» **Task to carry out**
What is needed is an exact copy of the records below, with the pictures left out.

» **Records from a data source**
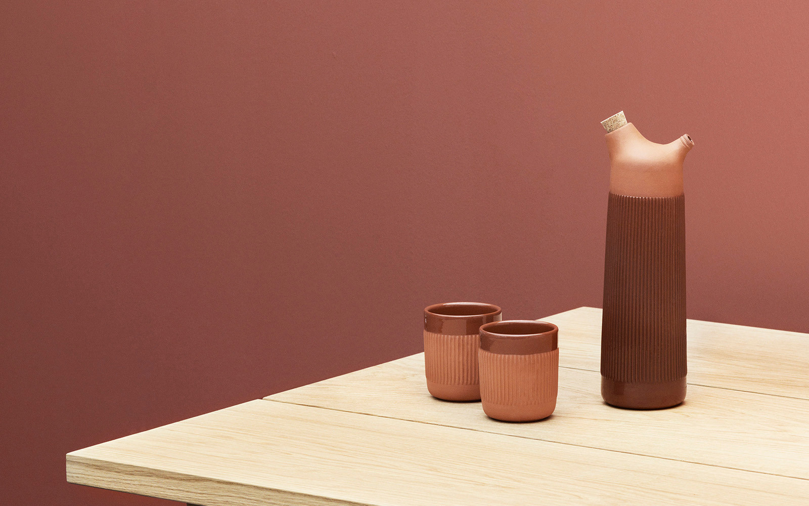La tasse Junto de Normann Copenhagen complète la carafe de la même collection.
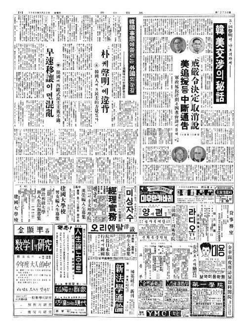 - 尹潽善(윤보선)씨談(담) 民意昻揚(민의앙양)은어떤 힘으로도못눌러
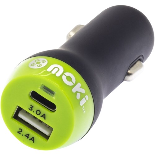 Moki Type-C and USB Car Charger Black
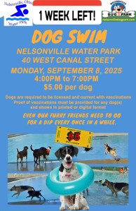 Nelsonville Water Park is sponsoring a Dog Swim to benefit the Nelsonville Dog Park. Monday, September 8, 2025, from 4:00PM until 7:00PM. $5.00 per dog to enter; larger donations are welcome: all proceeds to aid in establishing a Nelsonville Dog Park. Bring your dogs to romp and play and swim. Dogs, Fun and water – you can’t have a better time than that!
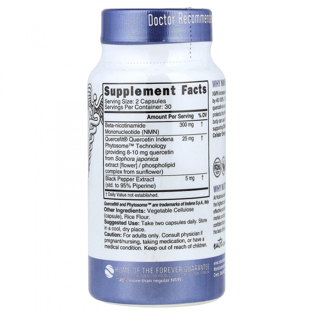 NMN повышает уровень НАД+ на 40–100%. Добавленный кверцетин в нашей формуле защищает НАД+, чтобы ваш организм мог использовать его дольше, поддерживая восстановление ДНК и клеточную энергию.
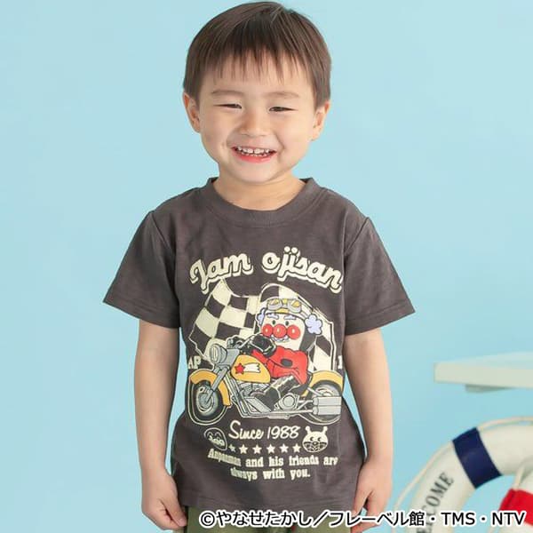 这款T恤采用了果酱爷爷(Jam Ojisan)骑着摩托车的醒目图像。选用竹节棉面料,营造出轻松休闲的质感。提供成人与儿童款式,可供亲子搭配。
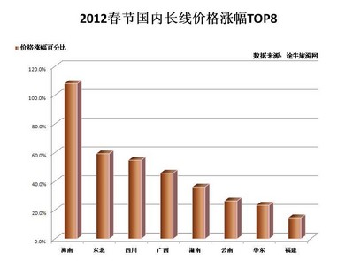 每年春節(jié)期間,多數(shù)旅游熱門方向都會有較大幅度的價(jià)格上漲,今年“春游”也不例外,多數(shù)熱門方向環(huán)比漲幅都在30%以上,部分方向漲幅甚至高達(dá)80%或出現(xiàn)翻番。“價(jià)格上漲對市民的出游熱情影響不大,如今年上海出發(fā)至澳洲新西蘭方向的高端線路漲幅達(dá)到了71.4%,上海出發(fā)至日本方向的高端線路上漲近58%,但出游人數(shù)卻不降反增。”途牛旅游網(wǎng)度假產(chǎn)品部總監(jiān)魏斌對市民出境游熱情表示看好。

» **Solution to this exercise**
La tasse Junto de Normann Copenhagen complète la carafe de la même collection.
 - 尹潽善(윤보선)씨談(담) 民意昻揚(민의앙양)은어떤 힘으로도못눌러
 Moki Type-C and USB Car Charger Black
 Nelsonville Water Park is sponsoring a Dog Swim to benefit the Nelsonville Dog Park. Monday, September 8, 2025, from 4:00PM until 7:00PM. $5.00 per dog to enter; larger donations are welcome: all proceeds to aid in establishing a Nelsonville Dog Park. Bring your dogs to romp and play and swim. Dogs, Fun and water – you can’t have a better time than that!
 NMN повышает уровень НАД+ на 40–100%. Добавленный кверцетин в нашей формуле защищает НАД+, чтобы ваш организм мог использовать его дольше, поддерживая восстановление ДНК и клеточную энергию.
 这款T恤采用了果酱爷爷(Jam Ojisan)骑着摩托车的醒目图像。选用竹节棉面料,营造出轻松休闲的质感。提供成人与儿童款式,可供亲子搭配。
 每年春節(jié)期間,多數(shù)旅游熱門方向都會有較大幅度的價(jià)格上漲,今年“春游”也不例外,多數(shù)熱門方向環(huán)比漲幅都在30%以上,部分方向漲幅甚至高達(dá)80%或出現(xiàn)翻番。“價(jià)格上漲對市民的出游熱情影響不大,如今年上海出發(fā)至澳洲新西蘭方向的高端線路漲幅達(dá)到了71.4%,上海出發(fā)至日本方向的高端線路上漲近58%,但出游人數(shù)卻不降反增。”途牛旅游網(wǎng)度假產(chǎn)品部總監(jiān)魏斌對市民出境游熱情表示看好。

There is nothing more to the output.